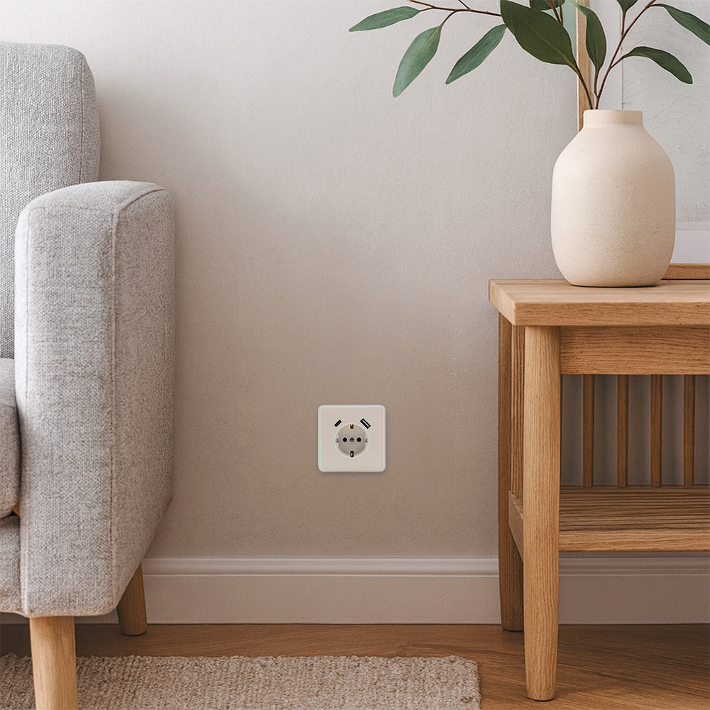 A Nova földelt csatlakozóaljzat beépített dupla USB töltőcsatlakozóval egyesíti a hagyományos 230 V-os hálózati csatlakozás és az USB töltés kényelmét. A német szabvány szerinti földelt aljzat 16 A névleges áramerősséggel és 250 V AC feszültségre készült, míg az USB portok összesen legfeljebb 2 A áramerősség leadására alkalmasak. Ideális kisebb fogyasztású eszközök (mobiltelefon, fülhallgató, okosóra) töltésére, külön adapter használata nélkül. A termék süllyesztett kialakítású, csavaros rögzítésű, és szabványos szerelvénydobozba illeszthető. Keret nélküli moduláris kivitele lehetővé teszi a többes keretrendszerekbe való beépítést. IP20-as védettségének megfelelően kizárólag pormentes, száraz beltéri környezetben alkalmazható (pl. nappali, hálószoba, iroda). A villamos csatlakoztatást csak érvényes szakirányú képesítéssel rendelkező villanyszerelő végezheti a vonatkozó szabványok szerint.
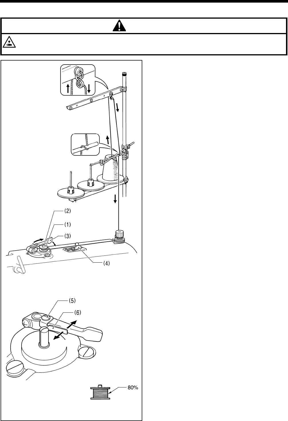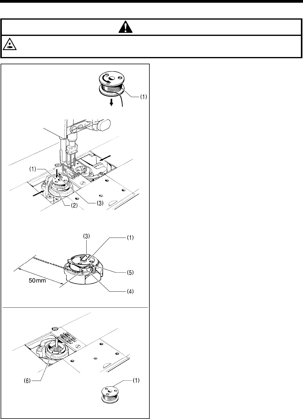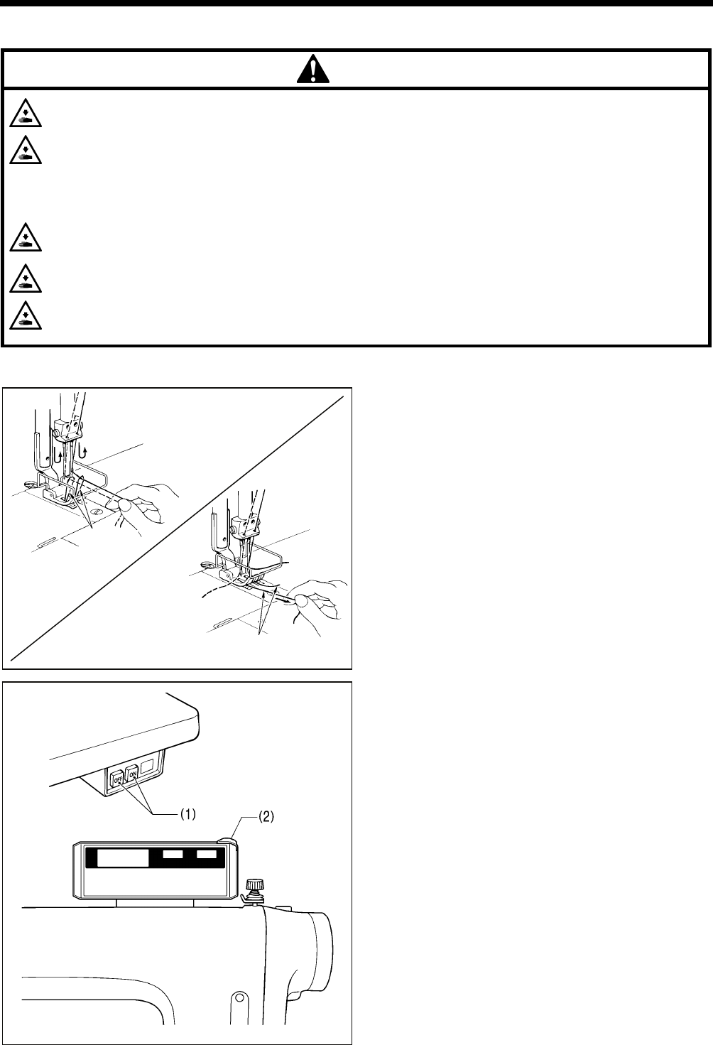 moving parts such as the needle and thread take-up, and consequently there is always a danger of
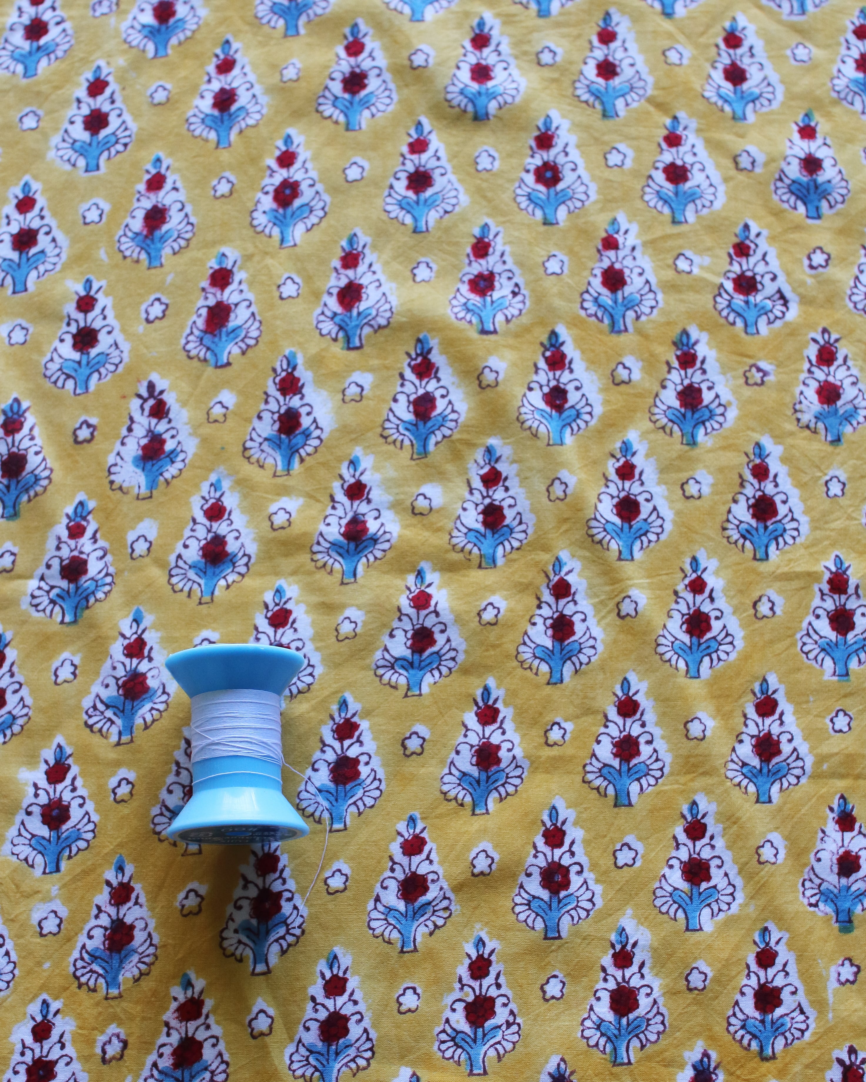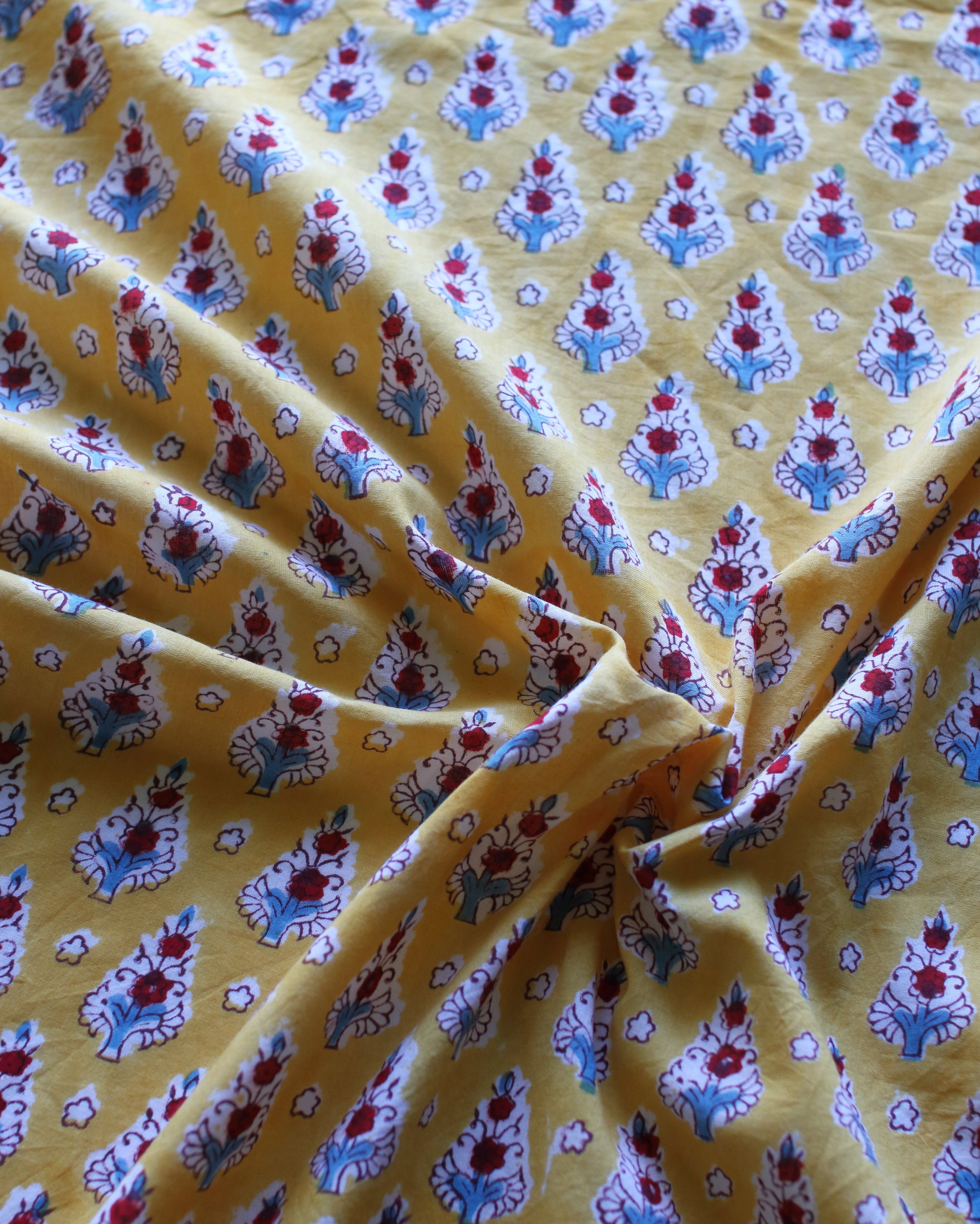 ハンドブロックプリントはインドの伝統的な技法で、手彫りの木版をひとつひとつ布に押しあてて制作していく、あたたかみ溢れるコットンファブリックです。
☆ ☆ ☆ ☆
YOUR INSTRUCTIONS:
Print the listing exactly, minus its pictures.

RESPONSE TO THE TASK:
 A Nova földelt csatlakozóaljzat beépített dupla USB töltőcsatlakozóval egyesíti a hagyományos 230 V-os hálózati csatlakozás és az USB töltés kényelmét. A német szabvány szerinti földelt aljzat 16 A névleges áramerősséggel és 250 V AC feszültségre készült, míg az USB portok összesen legfeljebb 2 A áramerősség leadására alkalmasak. Ideális kisebb fogyasztású eszközök (mobiltelefon, fülhallgató, okosóra) töltésére, külön adapter használata nélkül. A termék süllyesztett kialakítású, csavaros rögzítésű, és szabványos szerelvénydobozba illeszthető. Keret nélküli moduláris kivitele lehetővé teszi a többes keretrendszerekbe való beépítést. IP20-as védettségének megfelelően kizárólag pormentes, száraz beltéri környezetben alkalmazható (pl. nappali, hálószoba, iroda). A villamos csatlakoztatást csak érvényes szakirányú képesítéssel rendelkező villanyszerelő végezheti a vonatkozó szabványok szerint.
 moving parts such as the needle and thread take-up, and consequently there is always a danger of
 ハンドブロックプリントはインドの伝統的な技法で、手彫りの木版をひとつひとつ布に押しあてて制作していく、あたたかみ溢れるコットンファブリックです。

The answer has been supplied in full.